Dennis Morini, formerly my butcher at the now shuttered Morini’s Meat Market in LaGrange Park, IL, and reluctant hand model.

Tom Marszelewski, my former neighbor, whose trash talkin’ and challenge to a cookoff in 2003 got my competitive juices flowing, and started me researching ribs. This site is all his fault.

Nancie McDermott, whose articles in the Chicago Tribune during Black History Month 2006 opened a path of research.

Myron Mixon, Chris Lilly, and the many other patient barbecue chefs I’ve met and quizzed at their restaurants and competitions across the nation.

Lynn and Tom Kimble of Leader Dogs for the Blind. They have been instrumental in helping us with our other great love, training dogs. Sport, Wags, Layla, Jazz, and Sunshine are now dragging blind people around, and they added so much to our lives when they lived with us.

Peter Parts, and industrialist and philanthropist, and amazing leader, who got me involved with Camp Good Days, an incredible summer camp for kids with cancer.
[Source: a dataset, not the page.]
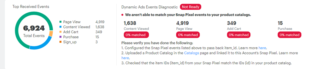 وهي أن الSnapchat Pixel Helper يعطي اشارات صحيحة وايضا عند الدخول لصفحة البكسل في المنصة تجد البكسل يعمل بشكل صحيح ويسجل عمليات الاضافة للسلة والشراء
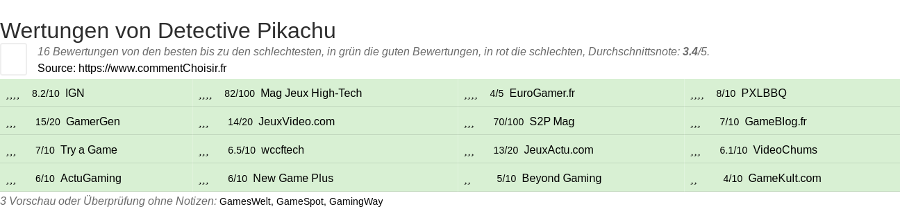 Hier sind alle 19 tests und Bewertungen zu Videospiele Detective Pikachu mit den 16 Bewertungen und Kommentaren der Tester in ihrem Test.

Jerry N. Uelsmann and John Paul Caponigro, my muses and guides to the world of art and creativity, and Kevin O’Connor who taught me the basics of food photography.

Julia Child, who, through the TV screen, told me in the ’60s that I could cook. I remember watching her in black and white when I was in college and trying her recipes on my roommates. I was honored to be a guest in her house for a dinner in 1995, and she was everything you think and more. In her last television interview, with Sarah Moulton on the Food Network, in the summer of 2004, she said “I think food is important and if you don’t know how to cook, it’s tragic.” Amen.
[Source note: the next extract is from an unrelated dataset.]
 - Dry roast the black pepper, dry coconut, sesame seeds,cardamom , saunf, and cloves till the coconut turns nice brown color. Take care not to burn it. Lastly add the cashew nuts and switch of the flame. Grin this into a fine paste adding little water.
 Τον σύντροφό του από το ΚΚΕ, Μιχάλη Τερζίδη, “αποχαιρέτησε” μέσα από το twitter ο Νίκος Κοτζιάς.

Etienne Merle, proprietor and chef of the late lamented L’Auberge du Cochon Rouge, a magnificent French restaurant in Ithaca, NY, who allowed me apprentice in his kitchen for a while, until he decided it was time to kill me. With good reason. I learned soooo much in such a short time. I have never met a more talented chef.

The helpful librarians I have met, especially Barbara Cline and Elizabeth Hansen at the LBJ Library and Museum in Austin; Flo Turcotte, Mil Willis, Richard Phillips, James Cusick, and Paul Losch at the University of Florida Library (Go Gators!); Charlotte Priddle of the Fales Library & Special Collections at NYU; the librarians at the New York Public Library; Harold Washington Library in Chicago; the University of Tennessee in Knoxville; the Library of Congress in DC; the University of South Carolina’s Caroliniana Collection in Columbia; the Florida State Library in Tallahassee; University of Memphis; and John Struble of the George Eastman House in Rochester, NY. If there is a more helpful, friendly profession, I’d like to hear about it.

Steve Jobs and Alton Brown who have been role models.

And the gods of grape, grain, and fire who have looked over me so far.